If you want to get scared by this one, you will be. If you want to be terrified, you will be. And if you’re somehow desensitized to the gruesome things happening in this production, check yourself into a hospital now and get permanently tranquilized.

Now that that’s out of the way, I can let you know that the film is a comedy. And Takashi Miike’s worldwide breakout film, to boot. Miike (See City of Lost Souls for an overview) has been making weird, comic-book-styled movies for a decade now, but 2001 is definitely his hit year. This was the year Miike debuted his films at film festivals world-wide. And this was also the year he directed seven feature films.

The speed Miike works at shows (and perhaps the speed that he works on, as well). He’s adept at making human beings look like cartoons come to life, but he shies away from anything in terms of complex cinematography or a thoughtful approach to his subject matter. Luckily, author Ryu Murakami loaded his novel Audition with enough substance that the film version seems to have retained most of it. But Miike’s mood and feel is so erratic it takes away from one’s enjoyment of the film. Still, the film creeps up on you, making good use of humor and later use of surreallism to throw you off guard. And then it hits you with some of the goriest stuff this side of Dead Alive (especially in the sound department). I won’t give you any examples because I don’t want to spoil it.

Did I mention that this is a comedy?
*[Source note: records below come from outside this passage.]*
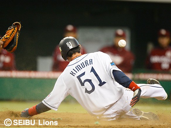 炭谷の安打で木村が本塁へ滑り込む!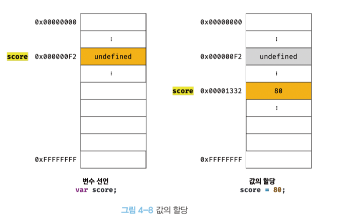 변수 이름을 등록하고 값을 저장할 메모리 공간을 확보. undefined 값이 암묵적으로 할당되어 초기화된다.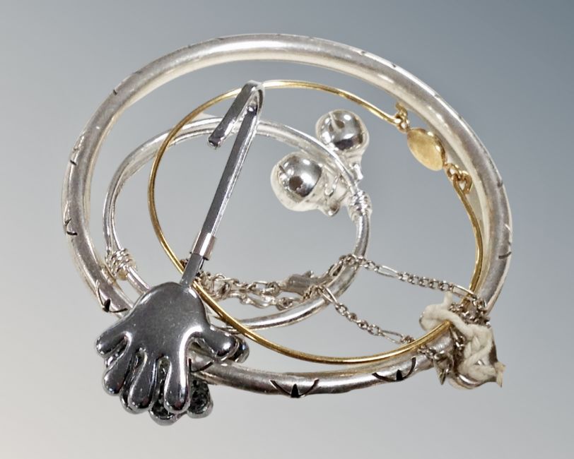 A Mexico 925 silver bangle, a silver dolphin bracelet, a yellow metal bangle with blue stone and a silver bracelet with bells
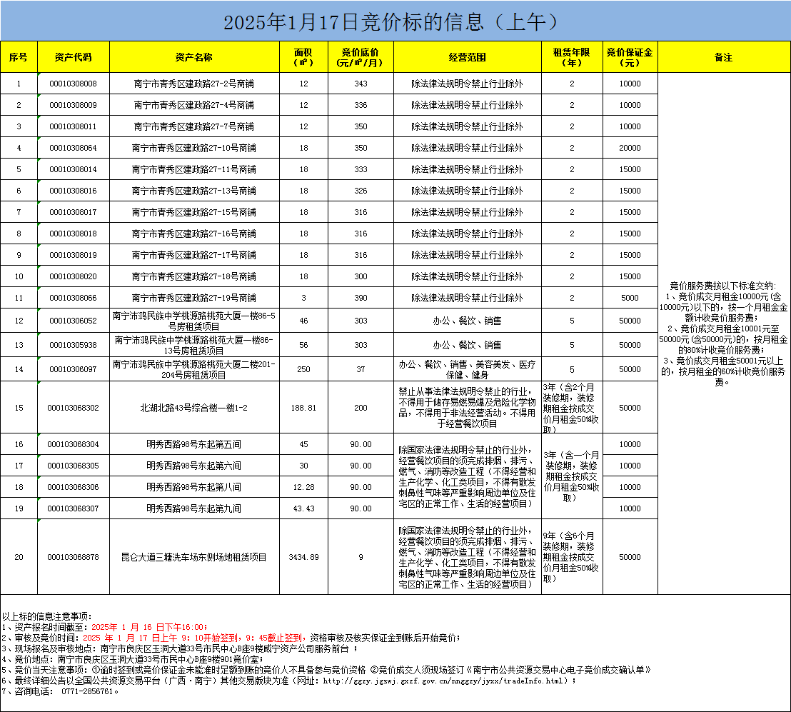 2025年1月17日竞价标的信息(现场竞价)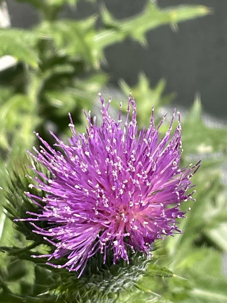 アメリカオニアザミです。歯医者さんの塀にピッタリ咲いていました。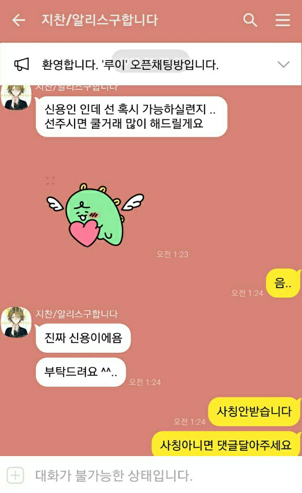 지찬님 사칭있습니다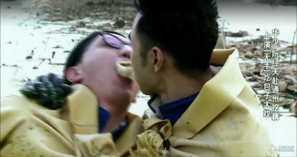 《了不起的挑战》阮经天、华少泥塘挖藕挖出基情,两人频频曝出“污”段子不说,阮经天还强吻华少嘴中包子啊!阮经天羞涩说道:你咬到我嘴唇了!无节操画面太美,连旁边的池塘老板都脸红不已!好污!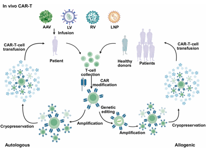 图1 自体、同种异体和体内嵌合抗原受体(CAR)细胞的制备流程02体内CAR-T疗法的核心技术与革新突破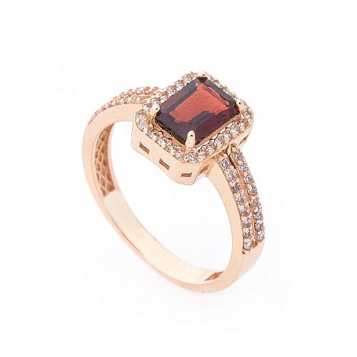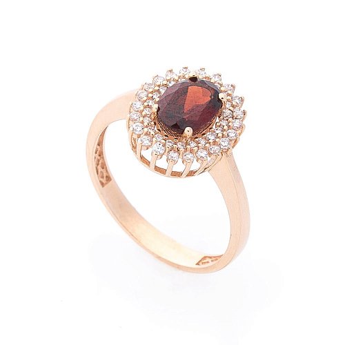 Золота каблучка з піропом (гранатом) і фіанітами к05078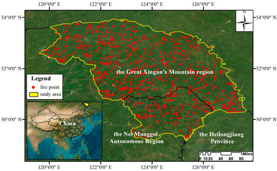 Wildfires are common in the Great Xing’an Mountain region. In this region, 846 wildfires were reported between 2000 and 2020, burning 1.02 million hectares of forest. Because the Great Xing’an Mountains prevent water vapor from entering the northern region, the burning area in the north (about 0.78 million ha) is much higher than the south (about 0.23 million ha). Lightning strikes are the primary source of wildfires, accounting for 96% of wildfire occurrences and 99% of burning area. Wildfires often occur in spring (May and June) and autumn (September and October), with the spring accounting for 66% of wildfire occurrences and 78% of burning area. The above information was obtained from the wildfire records of the Great Xing’an Mountain region from 2000 to 2020, which was provided by the Forest Fire Prevention Department of the Greater Xing’an Mountains Forestry Group Corporation. The wildfires in the study area all occurred in forest areas, so this study used wildfire to represent wildfires that occur in forests.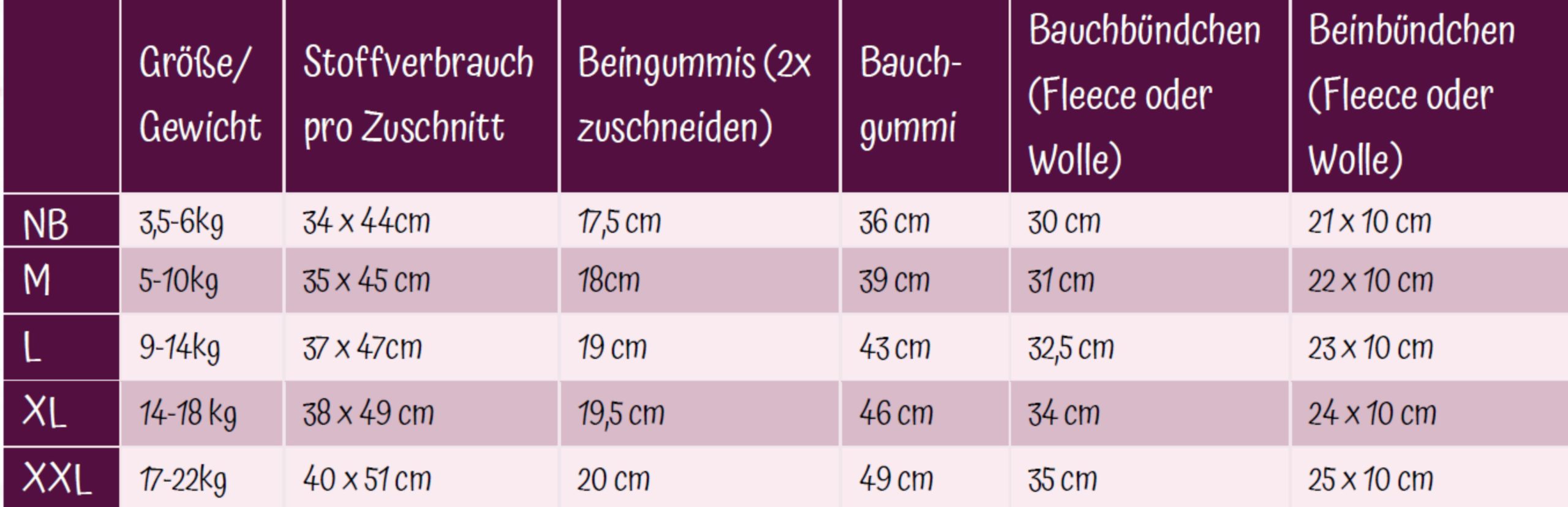 Das Schnittmuster kommt als Mehrgrößenschnitt in 5 Größen und deckt etwa 4-20kg ab, im Probenähen haben wir die größte Größe erfolgreich bis 22kg getestet.

In fact, it’s a very funny satire of men’s objectification of women. It slams into you with the painful humor of author Ryu Murakami’s most biting work. But it’s funny all the same. And it leaves you feeling weird at the end.

Writer Ryu Murakami was aparently very pleased with director Miike’s treatment of Murakami’s novel. He has made public his desire for Miike to direct an adaptation of his more ambitious epic, Coin Locker Babies. While it hasn’t completely been ruled out, perhaps a letter campaign to one of the big studios backing Miike might be in order; or else, cross your fingers and hope it gets made.